Prompt:
Pictures stay out of the copy; set down each line of the listing below exactly.
[Opening Source data section]
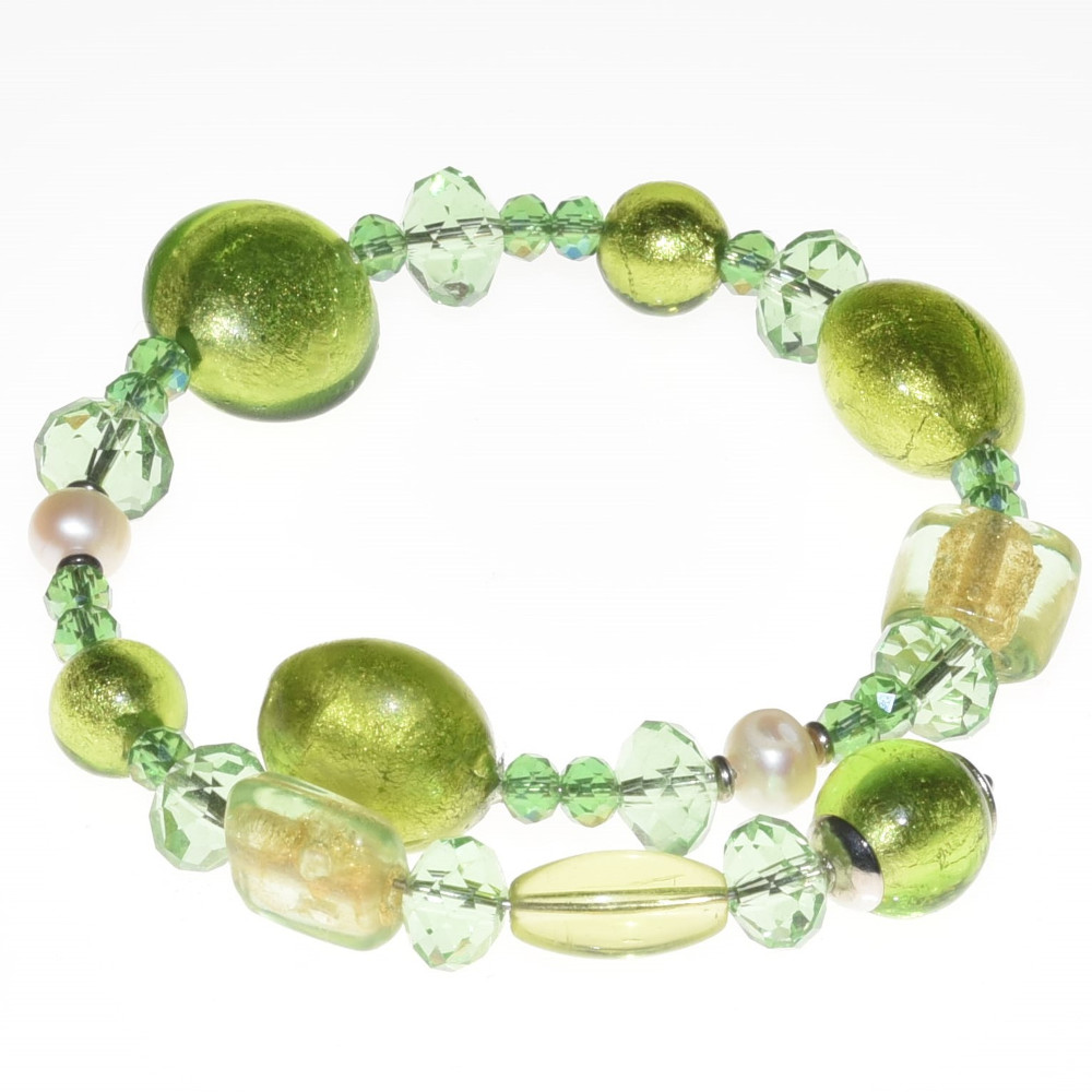 Bracciale verde in perle di vetro di Murano PR Lampwork
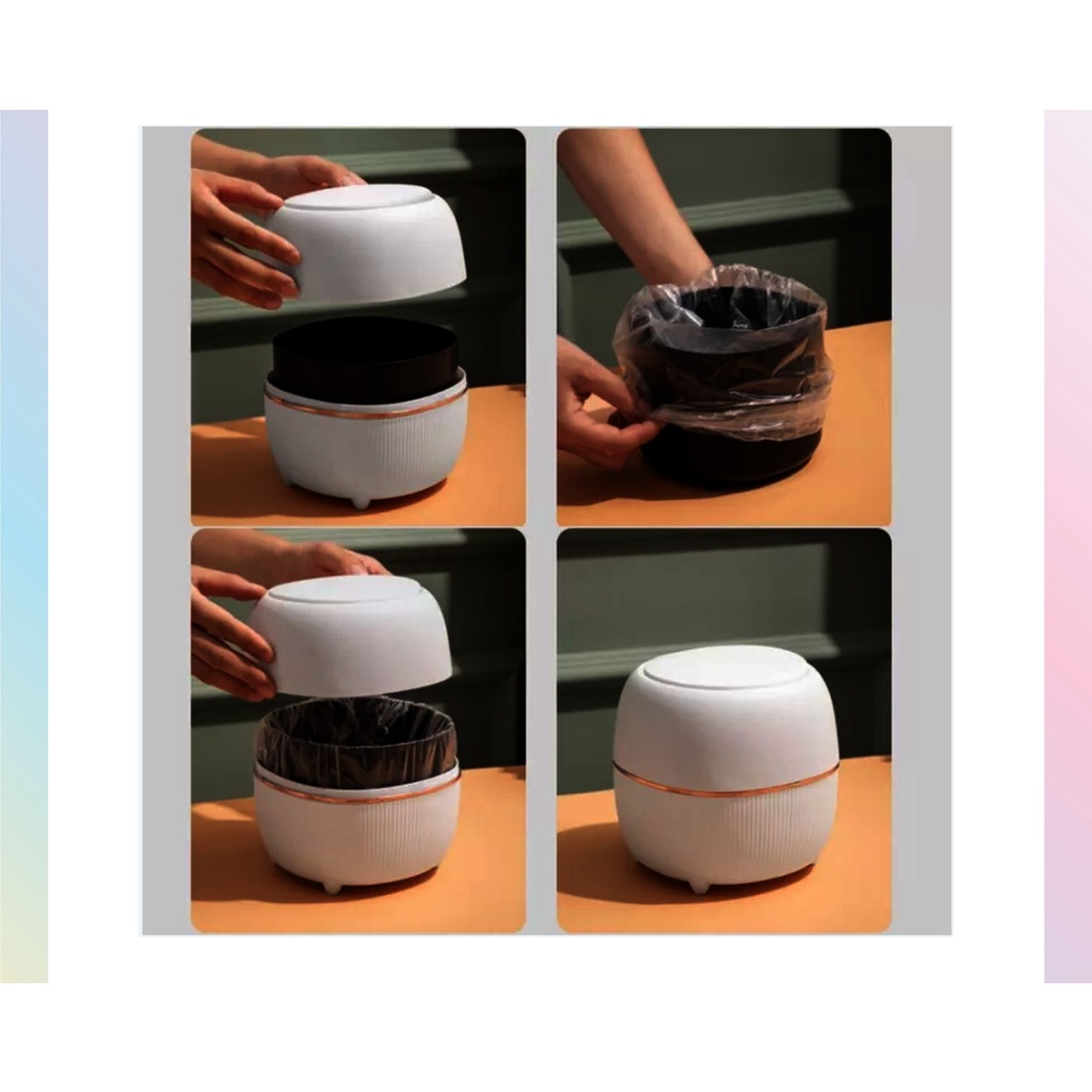 + Khi mở nắp thùng rác mini, thùng rác để bàn, dùng tay ấn xuống sau đó thả tay ra nắp thùng rác sẽ tự động bật lên.
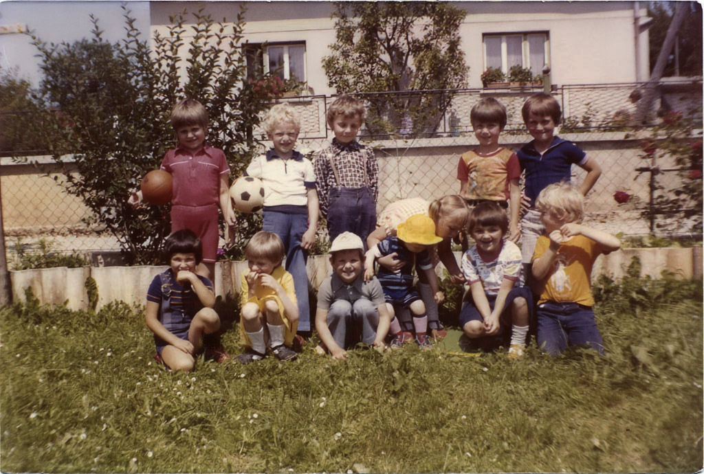 Da je lažje poskrbela zanje in jih zavarovala pred prometom, so se ustavili na njenem ograjenem vrtu, kjer so se lahko brezskrbno igrali. Najbrž so prevladovale igre z žogo, saj ju Janez In Erik na sliki ponosno razkazujeta. Ob tej priložnosti je ob vrtni ograji nastala spominska fotografija. Zadovoljni in nasmejani obrazi pričajo o lepo preživetih uricah. Pridružila se jim je Polonina starejša hčerka Urška s svojo najljubšo igračo. Ugibam, ali je to medvedek, mucek ali psiček. Mateja se je vživela v vlogo mamice. Trudi se, da bi vsi trije pogledali v objektiv, pa ji ni pravočasno uspelo.
[Closing Source data section]
Written response:
 Bracciale verde in perle di vetro di Murano PR Lampwork
 + Khi mở nắp thùng rác mini, thùng rác để bàn, dùng tay ấn xuống sau đó thả tay ra nắp thùng rác sẽ tự động bật lên.
 Da je lažje poskrbela zanje in jih zavarovala pred prometom, so se ustavili na njenem ograjenem vrtu, kjer so se lahko brezskrbno igrali. Najbrž so prevladovale igre z žogo, saj ju Janez In Erik na sliki ponosno razkazujeta. Ob tej priložnosti je ob vrtni ograji nastala spominska fotografija. Zadovoljni in nasmejani obrazi pričajo o lepo preživetih uricah. Pridružila se jim je Polonina starejša hčerka Urška s svojo najljubšo igračo. Ugibam, ali je to medvedek, mucek ali psiček. Mateja se je vživela v vlogo mamice. Trudi se, da bi vsi trije pogledali v objektiv, pa ji ni pravočasno uspelo.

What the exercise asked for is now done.